American attorney (born 1961)

 Lawrence A. "Larry" Keefe (born December 30, 1961) is an American attorney serving as Florida's Public Safety Czar. He is a former United States Attorney for the Northern District of Florida from 2019 to 2021.

== Early life and education ==
Keefe was born on December 30, 1961, in Fort Dix, New Jersey. He graduated with honors from the University of Florida in 1983 and received his Juris Doctor from the Fredric G. Levin College of Law in 1986.

== Legal career ==
Keefe worked as a trial lawyer for more than 30 years, during which time he tried criminal and civil cases in federal and state courts. Before taking office as U.S. Attorney, he was a partner in the Fort Walton Beach, Florida-based law firm of Keefe, Anchors & Gordon. He has served on the board of trustees of the Fredric G. Levin College of Law, on the editorial board of the Florida Bar Journal, on the executive council of the trial lawyers section of the Florida Bar, and as Special Counsel to the Florida Senate Select Committee on Property Insurance Accountability.

== Memberships ==
Keefe is the chairperson of the Military Academy Selection Board for the First Congressional District of Florida and a past president of Catholic Charities of Northwest Florida.
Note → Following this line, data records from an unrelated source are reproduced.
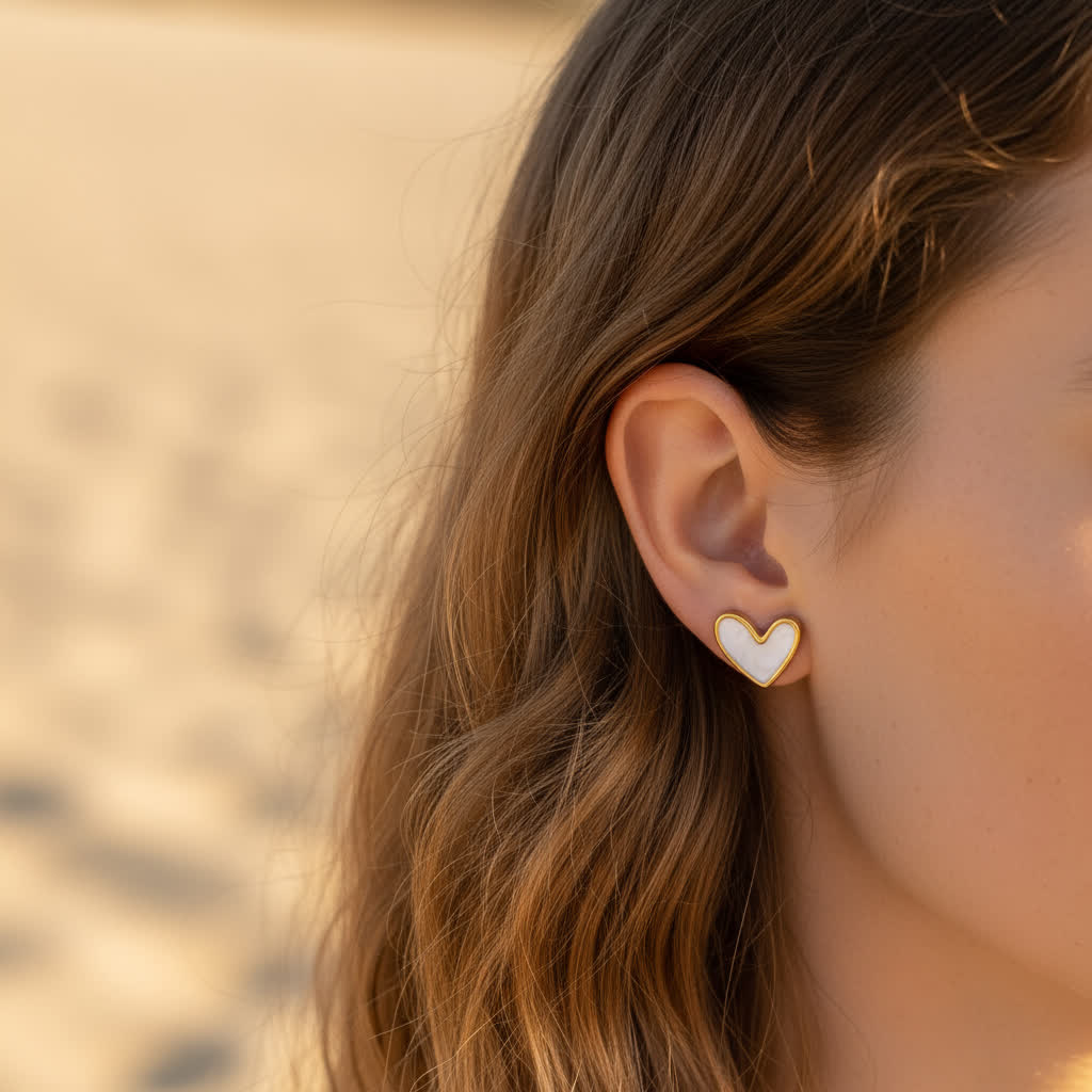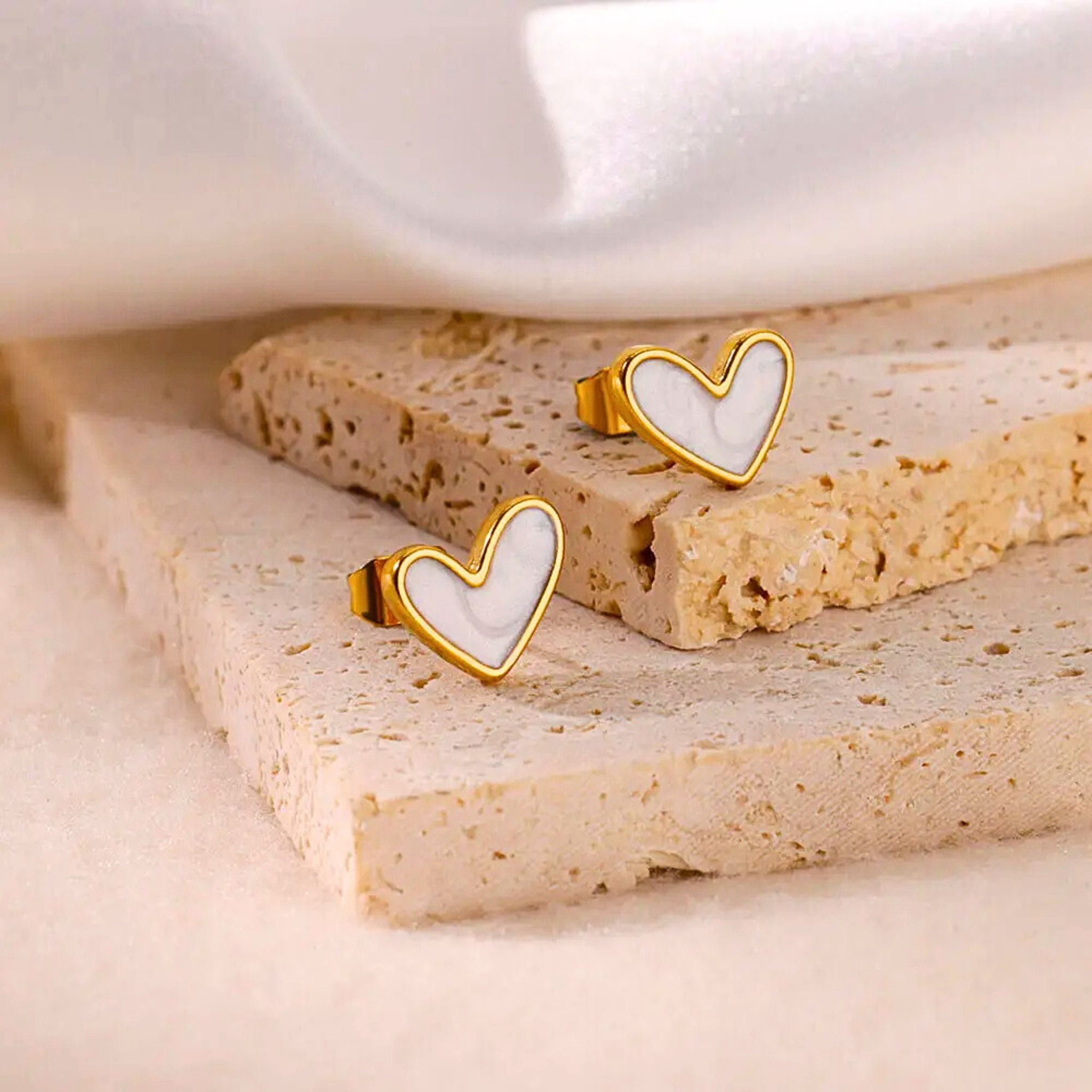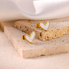 Elevate your style with our Sweetheart Earrings—a dazzling pair of loveheart-shaped earrings crafted in stunning gold and accented with pristine white detailing.
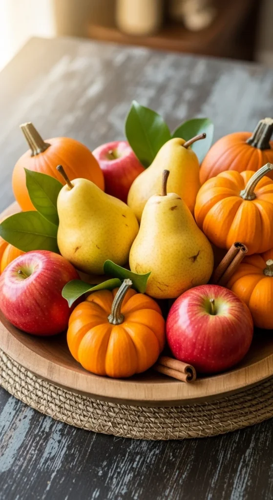 A bowl of fall fruit brings natural color to your table. Fill a ceramic or wooden bowl with pears, apples, and mini pumpkins. Mix sizes and shades for interest.
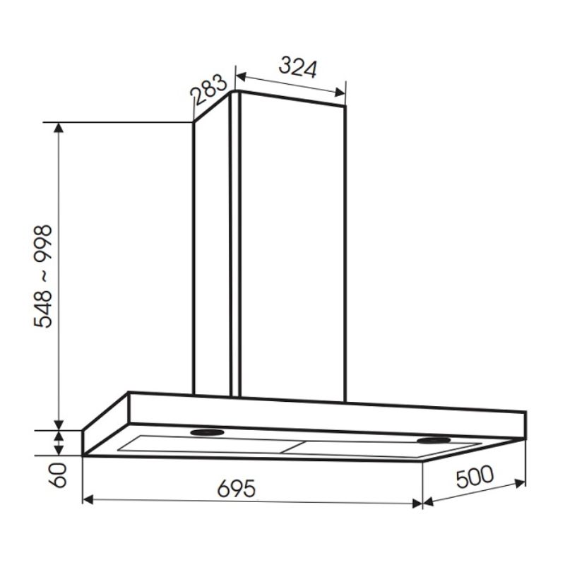 - Thiết kế lắp gắn tường, áp dụng với khoang tủ rộng 700mm.

== United States Attorney ==
On August 16, 2018, President Donald Trump nominated Keefe to be the United States Attorney for the Northern District of Florida. Keefe's nomination was sent to the United States Senate on August 27.

The Senate confirmed Keefe's nomination by voice vote on January 2, 2019. Keefe was sworn in as U.S. Attorney on January 9, 2019.

On February 8, 2021, he along with 55 other Trump-era attorneys were asked to resign. He resigned on February 28, 2021.

==Florida "public safety czar"==
On September 28, 2021, Florida Governor Ron DeSantis appointed Keefe as Florida's "public safety czar."